Post by Zack on Nov 10, 2016 19:48:42 GMT
I am looking for advice on what to look for in a Therapist for a Dismissive Avoidant. But let me give you a little background first. I have been married to a Dismissive-Avoidant for 11 years and together as a couple for 15 years. I did not realize she was a Dismissive for many years but I saw all the tell tell signs not understanding exactly what or why it was happening. I am a Secure type and like to think of myself as not needy. Although, I have been accused of being needy for 15 years, more on that in a minute.

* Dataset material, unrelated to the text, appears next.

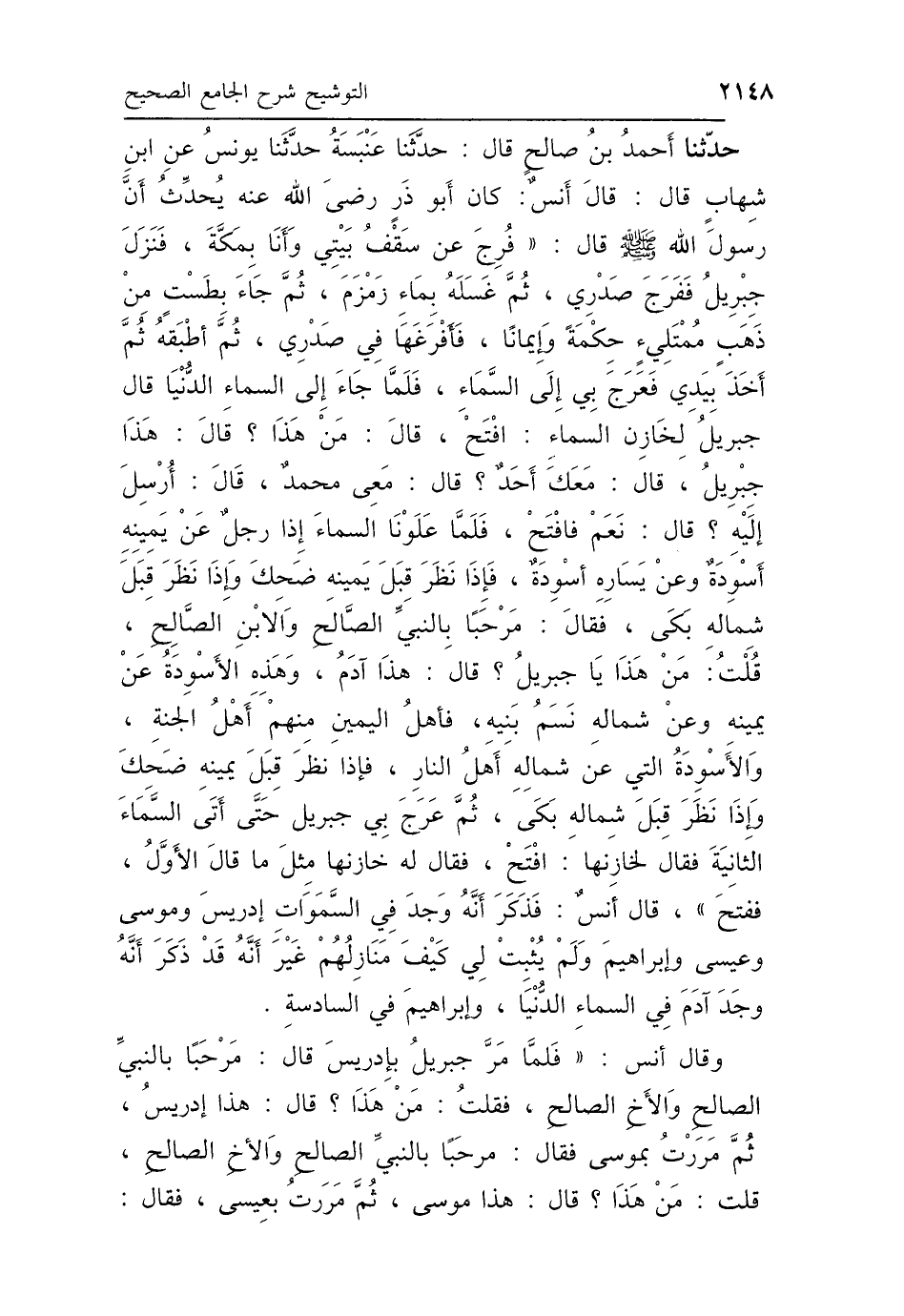 حَدَّثَنَا أَحْمَدُ بْنُ صَالِحٍ، حَدَّثَنَا عَنْبَسَةُ، حَدَّثَنَا يُونُسُ، عَنِ ابْنِ شِهَابٍ، قَالَ: قَالَ أَنَسُ بْنُ مَالِكٍ كَانَ أَبُو ذَرٍّ رَضِيَ اللَّهُ عَنْهُ يُحَدِّثُ أَنَّ رَسُولَ اللَّهِ صَلَّى اللهُ عَلَيْهِ وَسَلَّمَ قَالَ " فُرِجَ سَقْفُ بَيْتِي وَأَنَا بِمَكَّةَ، فَنَزَلَ جِبْرِيلُ فَفَرَجَ صَدْرِي، ثُمَّ غَسَلَهُ بِمَاءِ زَمْزَمَ، ثُمَّ جَاءَ بِطَسْتٍ مِنْ ذَهَبٍ، مُمْتَلِئٍ حِكْمَةً وَإِيمَانًا، فَأَفْرَغَهَا فِي صَدْرِي، ثُمَّ أَطْبَقَهُ، ثُمَّ أَخَذَ بِيَدِي فَعَرَجَ بِي إِلَى السَّمَاءِ، فَلَمَّا جَاءَ إِلَى السَّمَاءِ الدُّنْيَا قَالَ جِبْرِيلُ لِخَازِنِ السَّمَاءِ: افْتَحْ، قَالَ مَنْ هَذَا؟ قَالَ هَذَا جِبْرِيلُ قَالَ: مَعَكَ أَحَدٌ قَالَ: مَعِي مُحَمَّدٌ، قَالَ أُرْسِلَ إِلَيْهِ؟ قَالَ: نَعَمْ فَافْتَحْ، فَلَمَّا عَلَوْنَا السَّمَاءَ الدُّنْيَا إِذَا رَجُلٌ عَنْ يَمِينِهِ أَسْوِدَةٌ، وَعَنْ يَسَارِهِ أَسْوِدَةٌ، فَإِذَا نَظَرَ قِبَلَ يَمِينِهِ ضَحِكَ، وَإِذَا نَظَرَ قِبَلَ شِمَالِهِ بَكَى، فَقَالَ: مَرْحَبًا بِالنَّبِيِّ الصَّالِحِ وَالِابْنِ الصَّالِحِ، قُلْتُ مَنْ هَذَا يَا جِبْرِيلُ؟ قَالَ: هَذَا آدَمُ وَهَذِهِ الأَسْوِدَةُ عَنْ يَمِينِهِ، وَعَنْ شِمَالِهِ نَسَمُ بَنِيهِ، فَأَهْلُ اليَمِينِ مِنْهُمْ أَهْلُ الجَنَّةِ، وَالأَسْوِدَةُ الَّتِي عَنْ شِمَالِهِ أَهْلُ النَّارِ، فَإِذَا نَظَرَ قِبَلَ يَمِينِهِ ضَحِكَ، وَإِذَا نَظَرَ قِبَلَ شِمَالِهِ بَكَى، ثُمَّ عَرَجَ بِي جِبْرِيلُ حَتَّى أَتَى السَّمَاءَ الثَّانِيَةَ، فَقَالَ لِخَازِنِهَا: افْتَحْ، فَقَالَ لَهُ خَازِنُهَا مِثْلَ مَا قَالَ الأَوَّلُ فَفَتَحَ " قَالَ أَنَسٌ: فَذَكَرَ أَنَّهُ وَجَدَ فِي السَّمَوَاتِ إِدْرِيسَ، وَمُوسَى، وَعِيسَى، وَإِبْرَاهِيمَ وَلَمْ يُثْبِتْ لِي كَيْفَ مَنَازِلُهُمْ، غَيْرَ أَنَّهُ قَدْ ذَكَرَ: أَنَّهُ وَجَدَ آدَمَ فِي السَّمَاءِ الدُّنْيَا، وَإِبْرَاهِيمَ فِي السَّادِسَةِ، وَقَالَ أَنَسٌ: فَلَمَّا مَرَّ جِبْرِيلُ بِإِدْرِيسَ قَالَ: مَرْحَبًا بِالنَّبِيِّ الصَّالِحِ وَالأَخِ الصَّالِحِ، فَقُلْتُ مَنْ هَذَا قَالَ هَذَا إِدْرِيسُ، ثُمَّ مَرَرْتُ بِمُوسَى فَقَالَ: مَرْحَبًا بِالنَّبِيِّ الصَّالِحِ وَالأَخِ الصَّالِحِ، قُلْتُ مَنْ هَذَا قَالَ هَذَا مُوسَى، ثُمَّ مَرَرْتُ بِعِيسَى فَقَالَ:

My dismissive avoidant wife is a wonderful person. She is caring (to others), hard working, determined, beautiful, and a great Mom to our 10 year old son. She has literally been my best friend for 15 years, and up until about a year ago I would have said my marriage was good. I had flexibility to work (I work a lot), I had time to myself a good bit (I enjoy it and need it from time to time), and the least needy wife known to anyone. She never got jealous, or restricted me from doing anything I wanted to do. As a result I tried to be the same way with her.
In 15 years I can probably count on one hand the number of times we actually argued. The few times things became heated it was me raising my voice in frustration (over something dismissive) and her not raising hers at all. She would simply inform me she didn't want to talk about it. At that point, the few times this occurred, I would continue to talk, justifying my point. She would sit there, with a frustrated look on her face, and once I was done that was it. The most argument I got back was "I don't want to talk about it," or "Are you done yet?" After a while I stopped trying to argue, even when I was frustrated. What's the point if no one will debate it back with you. I tend to be non-confrontational anyway so it wasn't extremely difficult.
She rarely said "I love you" and often didn't return it when I said it to her. I would ask when she didn't (the first few times) but was quickly rebutted with one reason or another and I stopped asking why. To a degree I just stopped saying it much to her at all. I thought it a lot but if I didn't say it then it didn't hurt when it was not returned.
She didn't like to be confined or touched too much. Often attempts at hugs or kisses were met with frustration but blamed on being confined. But, I didn't much care for the other alternative which was overly affectionate (I had been there before). I rationalized the lack of affection was better than the alternative of overly affectionate, so I accepted what she gave. Eventually, I stopped trying to be affectionate much. I did miss it from time to time. This was one of the harder aspects, when I felt the need for it and sought it out, only to be met normally with harsh rejection.
The lack of affection manifested itself in a very negative way most when I saw her being touchy and flirty with someone else. It frustrated me, not completely in a jealous way, but in an envious way. I wanted to be the person she was standing there laughing with and touching their arm. But, again I wrote it off to just being flirty. I never had a reason or a thought she would take it further than just being very friendly. I don't think she flirted to frustrate me, I think/thought the flirting was just a part of her generally happy and confident personality. Although, if I ever made mention of it I was faced with a totally different person. She would inform me she wasn't going to change who she was and that the fact that it bothered me was my problem. Most of the time I literally felt like it was my problem when we were done talking about it. In hindsight I think she got some satisfaction/reward out of reminding me she wasn't completely mine.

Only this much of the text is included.